The transition threshold between states can be either constant or can vary. A finite state machine that uses constant threshold value can be found in the aggregation model studied by Soysal and Şahin (2005). Specifically, the agent changes behaviour to another behaviour dependent on the probability value associated between these two behaviours as depicted in Figure 1. On the other hand, the dynamic transition threshold value is defined through a mathematical function of parameters associated to available states of the agent as shown in Figure 2. In study conducted by Garnier et al. (2009), the transition function depends on number of robots and maximum capacity in the current state.

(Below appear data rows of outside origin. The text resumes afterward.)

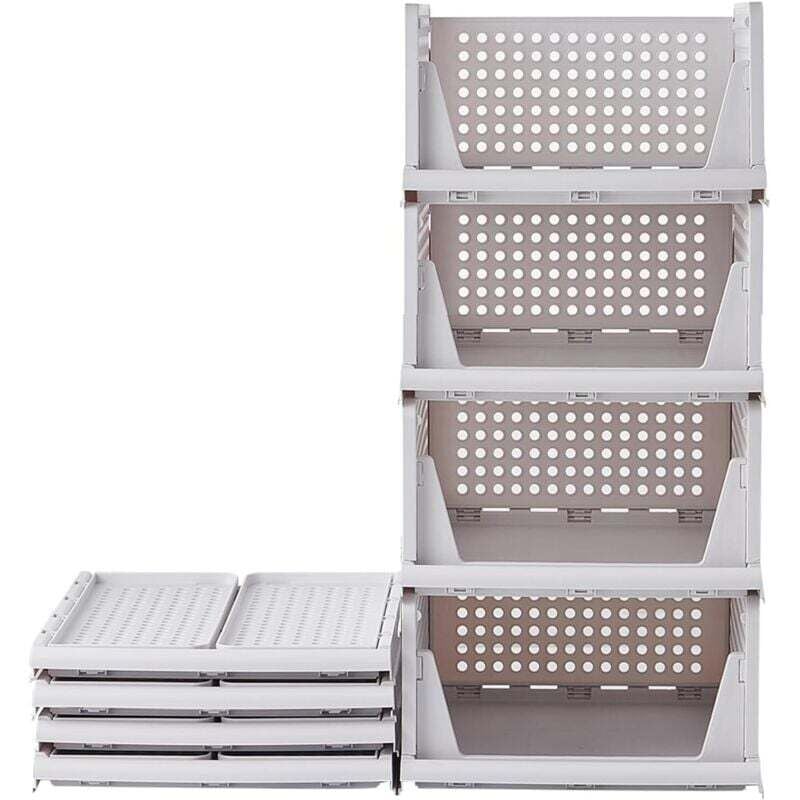 WODFARR Organisateur Tiroir et Armoire Pliable, Rangement Dressing Empilable, Boîte de Rangement Placard pour Salle de Bain, Cuisine, Buanderie, Blanc-33.5 * 43 * 56cm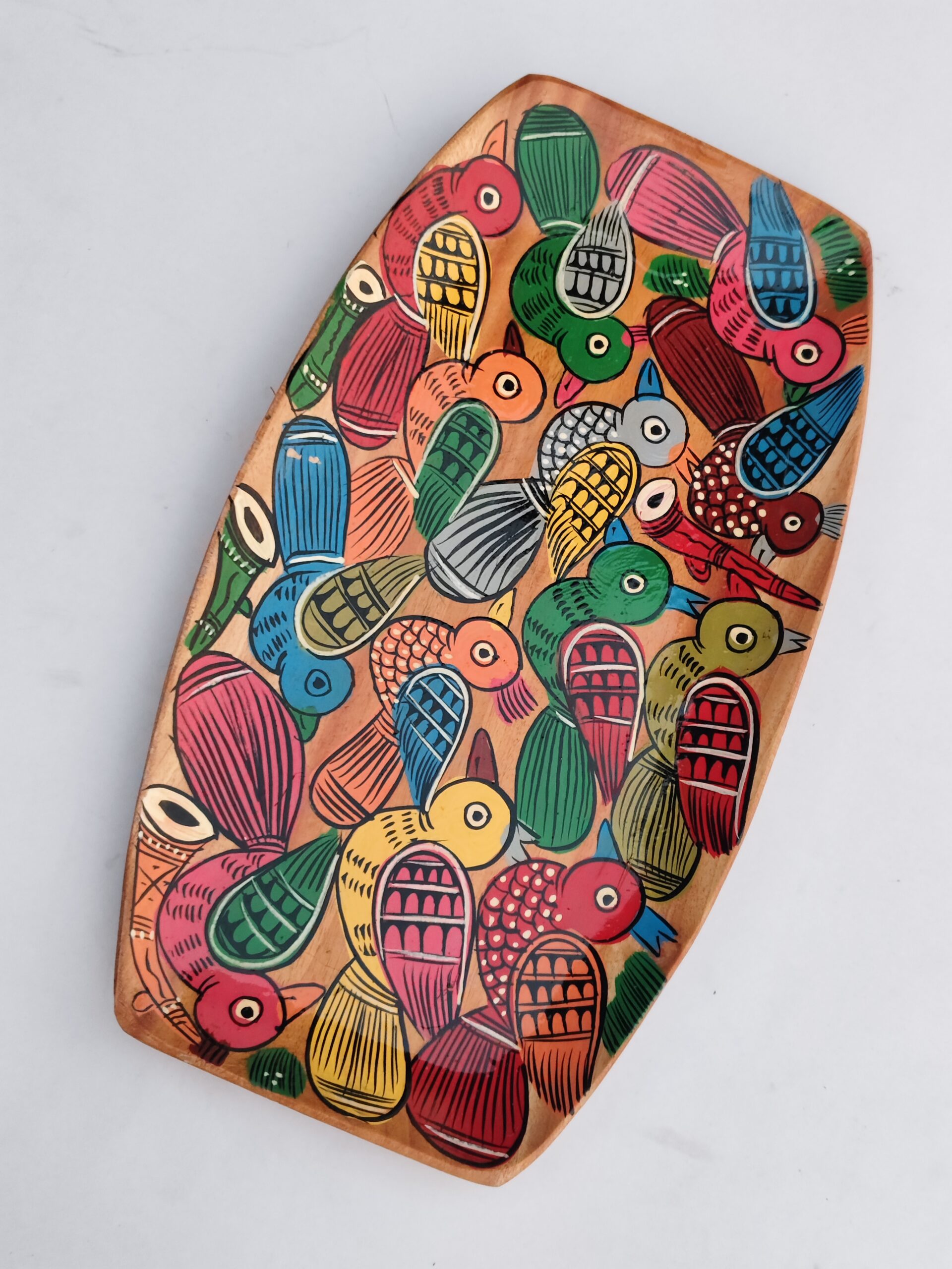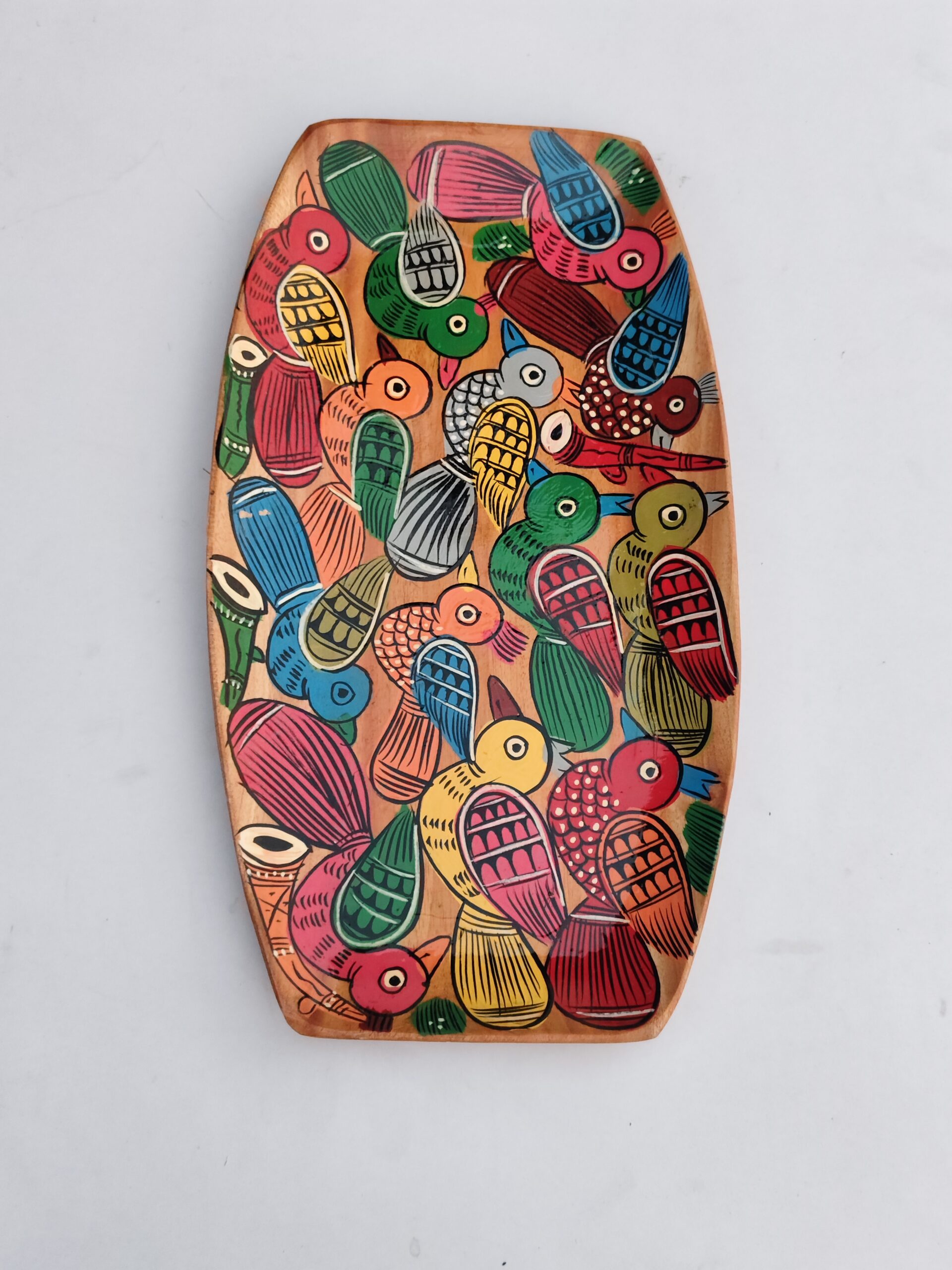 This tray is crafted from solid natural wood and beautifully hand-painted with vibrant folk-style bird motifs in multiple colors. The warm wooden base enhances the rich shades of red, green, blue, yellow, and black, creating a lively and eye-catching design. With a smooth polished surface and gently curved edges, it is perfect for serving tea, snacks, or as a decorative display piece. Lightweight yet durable, it adds a cheerful and artistic touch to any space. Each tray is uniquely handcrafted, ensuring every piece is one-of-a-kind. Clean with a dry or slightly damp cloth and avoid prolonged exposure to water.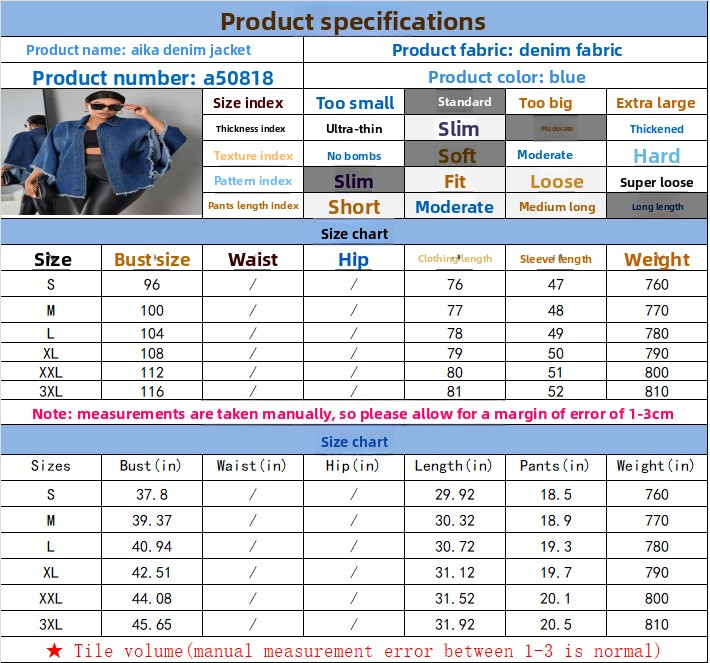 Denim Fabric: High-quality polyester denim material for durability and comfort.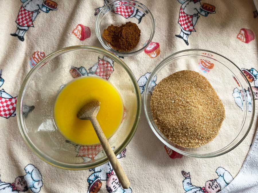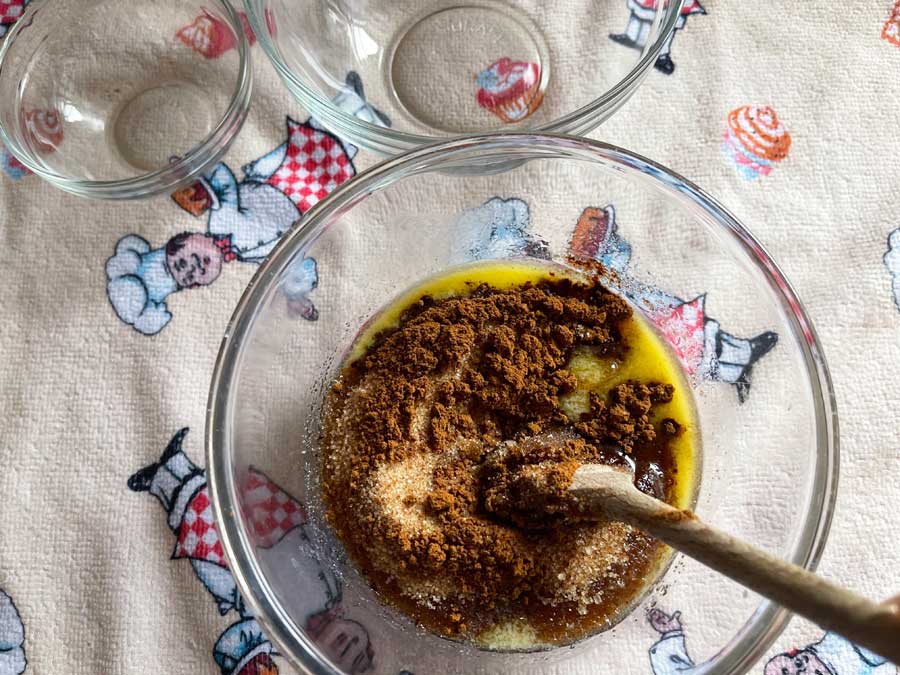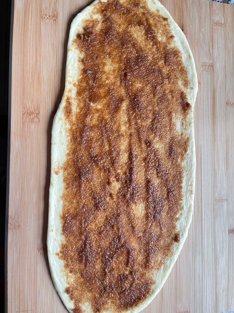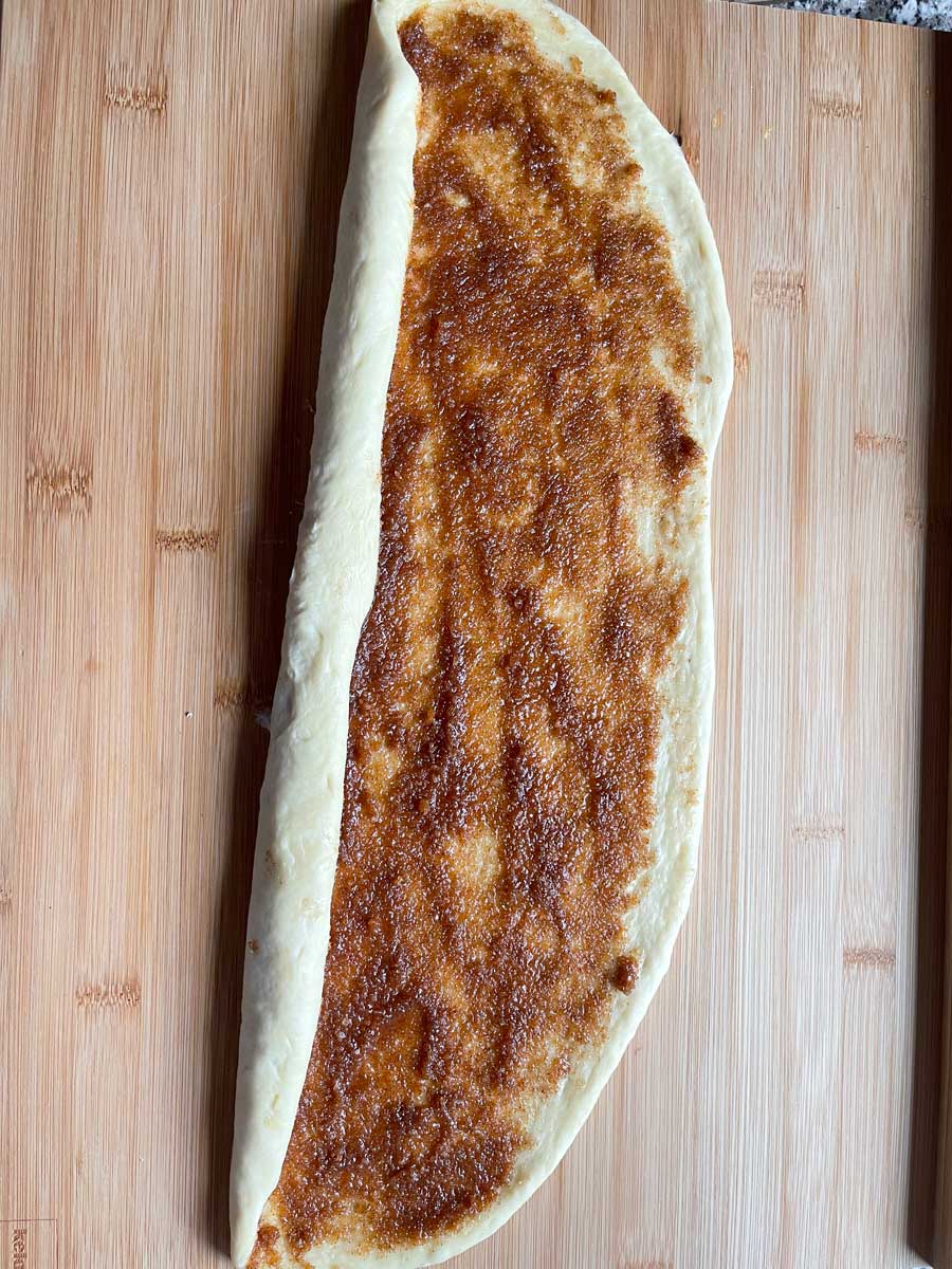 5. Do nadzienia: roztopić masło w rondelku lub w kuchence mikrofalowej i dodać cukier oraz cynamon. Wszystko dobrze wymieszaj. Oba kawałki ciasta rozwałkować wzdłuż i posmarować około 3/4 nadzienia cynamonowego (zdjęcie 3).

2.1.2 Virtual physics-based design

In virtual physics-based design, each robot is considered as particle that applies virtual potential forces to another robot. Usually, the virtual force is a function of position, direction and distance between the entities (robots, targets and obstacles). More specifically, repulsion and attraction values are also used to differentiate force’s direction. The function of virtual force generally allows each robot to sense and distinguish neighbouring robots, targets and obstacles.

Maintaining formation of the swarm, whilst traversing a terrain, is a common collective behaviour that utilise virtual physics-based design. One of the seminal works using virtual physics-based design was by Khatib (1986) which considered another vehicle as a moving obstacle in a field of artificial forces. Similar works also can be found in the works of Reynolds (1987) which formulate a general flocking behavioural model comprises of collision avoidance, velocity matching and flock centring using attraction and repulsion forces. Later, the design methods considered as virtual physics-based design also can be found in several frameworks, such as physicomimetics frameworks proposed by Spears et al. (2004) and a nonlocal kinetic model proposed by Fetecau (2011).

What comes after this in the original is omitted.